Daniel J. Cohen is the founding Executive Director of the Digital Public Library of America, which is bringing together the riches of America’s libraries, archives, and museums, and making them freely available to the world.
Until 2013 he was a Professor of History in the Department of History and Art History at George Mason University and the Director of the Roy Rosenzweig Center for History and New Media. My personal research has been in digital humanities, broadly construed: the impact of new media and technology on all aspects of knowledge, from the nature of digitized resources to twenty-first century research techniques and software tools to the changing landscape of communication and publication.
Read a good chunk of this for my Digital History class (but not all of it). Some very interesting insights--some of which are outdated and some of which are still relevant!
If you want to create a website about history in any way shape or form, this book is cheap enough to be worth picking up. The concepts are specific, yet general enough to be useful for you. Some of it is out of date, but it's really just incidentals -- most of the book doesn't deal with extreme technicalities, it's more "topics to consider" and choices you'll need to make.
That said, if you're already tech-savvy, you probably don't need this book. If you're already tech-savvy, you don't think the way these guys think. Things probably seem like second nature to you or obvious questions, not enormous conceptual hurdles. Plus, since the book came out, new tools have appeared that make things easier for you.
I didn't read this entire book, just the introduction, which provided a good discussion of the pros and cons of sharing historical materials and discourse on history online.
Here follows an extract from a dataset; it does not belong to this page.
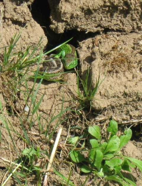 Weiß jemand etwas über die Wohngewohnheiten von Zauneidechsen? Mein Eindruck ist, dass hinter dem Stein, auf dem das Männchen gerade sitzt, die weibliche Eidechse zu Hause ist. Sie ist jedenfalls dort meist zu sehen. Ihn sehe ich erst, seit die Paarungszeit begonnen hat. Er kommt von jenseits des Hauses, bleibt eine Weile bei ihr und verschwindet dann wieder, immer auf Deckung bedacht, ums Haus herum auf die andere Seite. (Dort habe ich auch schon ein Weibchen beobachtet - wechselt er von einer zur anderen?)

The authors have been engaged with history online for over a decade, so they also provide a good historical perspective on the different reactions of scholars. Finally, they sketch out the characteristics of successful history websites. This book would probably be useful for scholars in other disciplines as well.
This was a great way to look at history websites. The history of the early webpages was interesting. I actually learned something about websites and the difficulties that comes with making one. I also recommend reading the online version (thats what I did) because you can check out some of the links to the webpages that Cohen and Rosenzweig talk about. If the links don't work, they at least have a screenshot of the home page.
Great ideas about the need and importance for digital tools in studying, archiving, and teaching history. A lot of the specific computer details are dated in 2015 – nobody uses Microsoft Dreamweaver anymore! – but the themes and optimism conjured up by authors Rosenzweig and Cohen are still compelling.